TEENAGE PREGNANCY RATES AMONG SECONDARY SCHOOL GIRLS IN ONITSHA UGBO ANIOCHA NORTH LGA DELTA STATE

TEENAGE PREGNANCY RATES AMONG SECONDARY SCHOOL GIRLS IN ONITSHA UGBO ANIOCHA NORTH LGA DELTA STATE

Abstract

The incidence of adolescent pregnancy among secondary school girls in Onitsha Ugbo Aniocha North LGA, Delta State, was investigated in this study. The study’s entire population is 200 secondary school teachers from Onitsha Ugbo Aniocha North LGA in Delta State.

The researcher collected data using questionnaires as the instrument. This study used a descriptive survey research approach. The survey included 133 respondents who were made principals, vice principals, administration, senior staff, and junior employees. The acquired data was organized into tables and evaluated using simple percentages and frequencies.

chapter One

Introduction

The study’s context
Teenage refers to both male and female adolescents aged thirteen to nineteen (13-19years). Such teenagers are not considered mature in American society. Although they appear to be adults biologically, they engage in sexual intercourse with individuals of the opposite sex. This activity presents a significant challenge to health services since sex at this young age exposes them to a variety of hazards, including teenage pregnancy.

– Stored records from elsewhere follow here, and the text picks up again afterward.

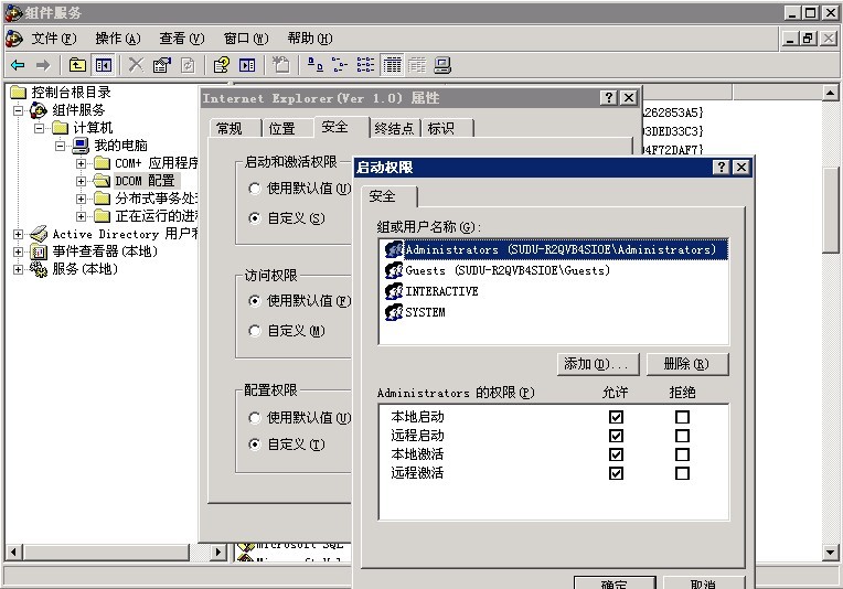 4、安全标签中“启动和激活权限”选择自定义,编辑,添加网站使用的IIS帐号或添加 Guests组 确定即可(如下图)。
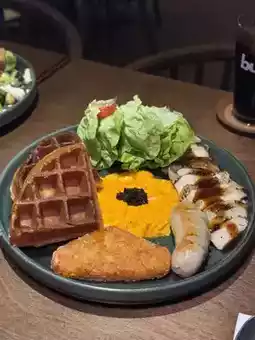 Includes hash browns, chicken chop, black truffle scrambled eggs, sausage, and salad ๐ฅ
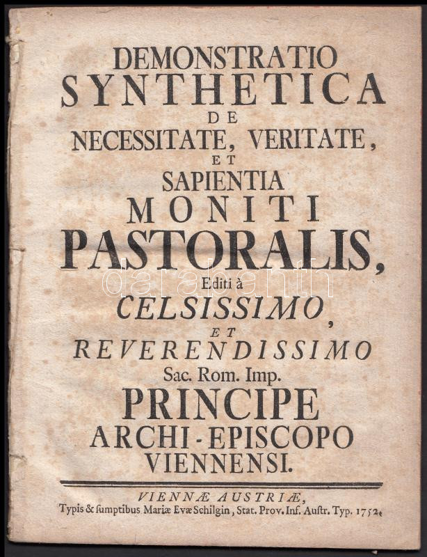 Beschreibung: 1752 Demonstratio synthetica de necessitate, veritate, et sapientia moniti pastoralis. Editi a... Sac. Rom. Imp. Principe Archi-Episcopo Viennensi. Viennae Austriae, typ. Mariae Evae Schilgin.

This was confirmed by Awake (1990), when the publisher stated that moral degradation among our youths is reaching worrisome proportions in Nigeria today, with crime rates rising by leaps and bounds day after day, month after month, and year after year.

Teenage pregnancy has become a severe public health problem, particularly in underdeveloped nations, and studies have revealed that it is on the rise. According to research, teen pregnancy is a health issue in industrialized countries such as the United States.

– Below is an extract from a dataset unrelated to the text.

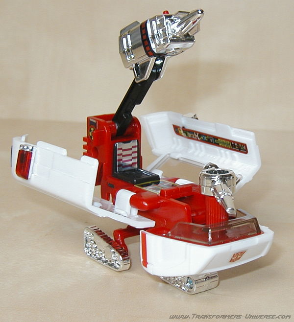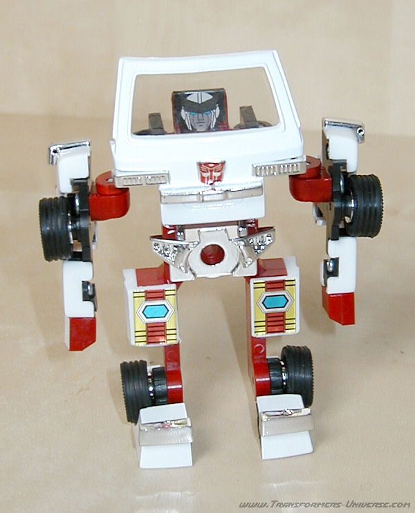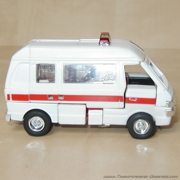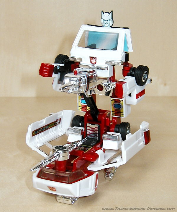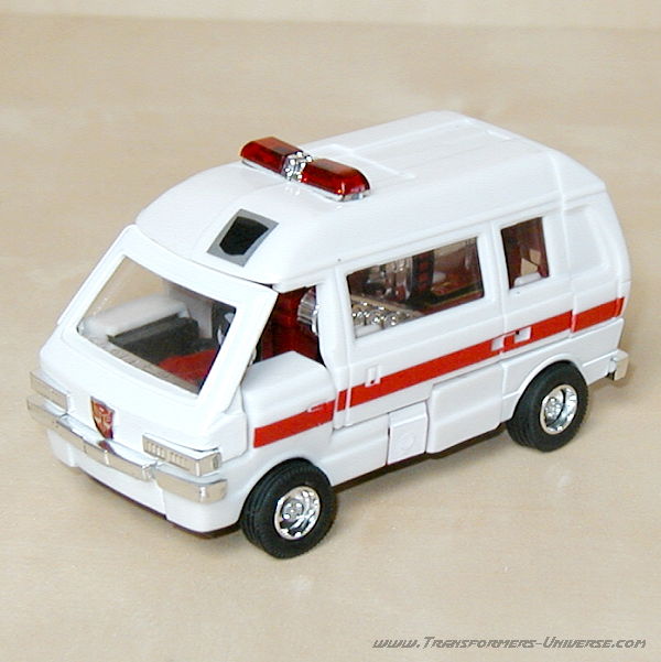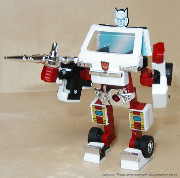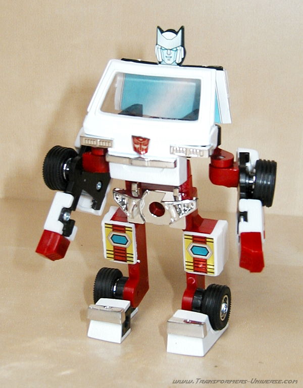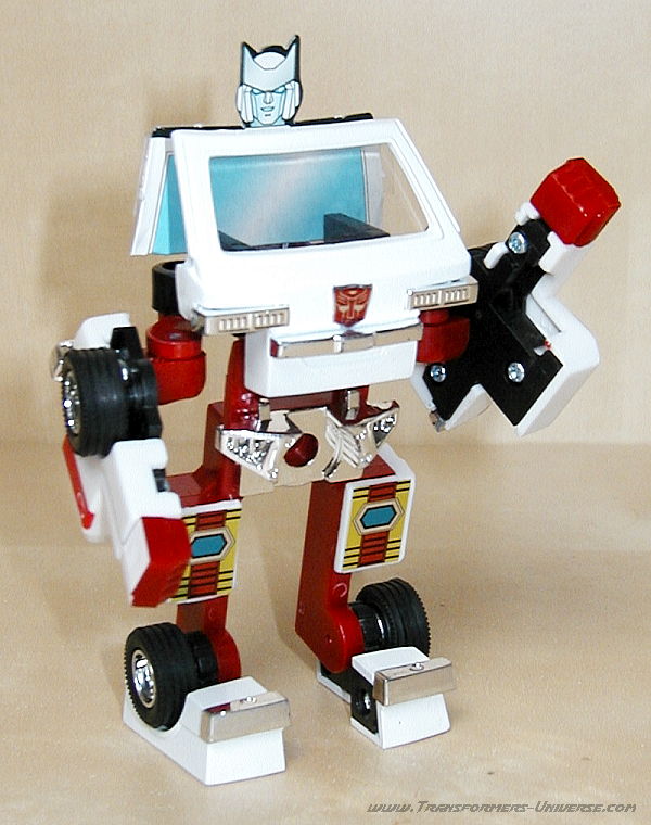 Robot Mode: Ratchet probably takes the award for G1 Autobot that looks least like his cartoon counterpart. The robot doesn't have a head. Hailing from the Diaclone days, it is little more than the cab of the ambulance vehicle with arms and legs. There is a seat behind the windshield where the Diaclone driver could sit.

Corry and Cray (1997) agreed that schools should educate health education as well as highlight contemporary issues such as sexually transmitted diseases, which are often followed by pregnancy among teenagers. The role of school and home in sex education has long been a source of contention. Mooney (1975) and Fakunle (1986) conducted a study that concluded that teens learn about sex via peers and the media, and that much of the information they receive is inadequate and false. (1991, Oladapo and Akintayo).

Sex is romanticized in books, television shows, and films. This places additional responsibility on young people to maintain a level of behavior that will provide them the most enjoyment today and in the future. Adolescent behavior standards should be established at home. 1979, Turner.

Mooney (1975), commenting on the roles of both schools and parents, stated that the fundamental job of parents is to set behavioral limitations for their own children. Fakunle (1986) went on to say that in the early phases of personality development, sexual knowledge, understanding how things function, and completely enjoying sexual changes, should be supported at home. According to Marjorie and Thomas (1979), teenage pregnancy and the inevitable abortion have societal consequences.

It is unusual in some societies to attach a terrible stigma to girls who are pregnant or have likely committed abortions, such girls and their families are usually the talk of the town by society, the girls are sometimes ridiculed, characterized, and insulted by people around them and comrades at schools, teachers do not look at them with favor, nearly one million of these adolescents aged 15-19years become pregnant in the United States yearly and a20,000 pregnancy occurs

According to Barbana (1988), adolescence is a time when teens want structure as well as the opportunity to become more independent. They require the ability to foresee their futures as well as the ability to create reasonable goals for their own progress.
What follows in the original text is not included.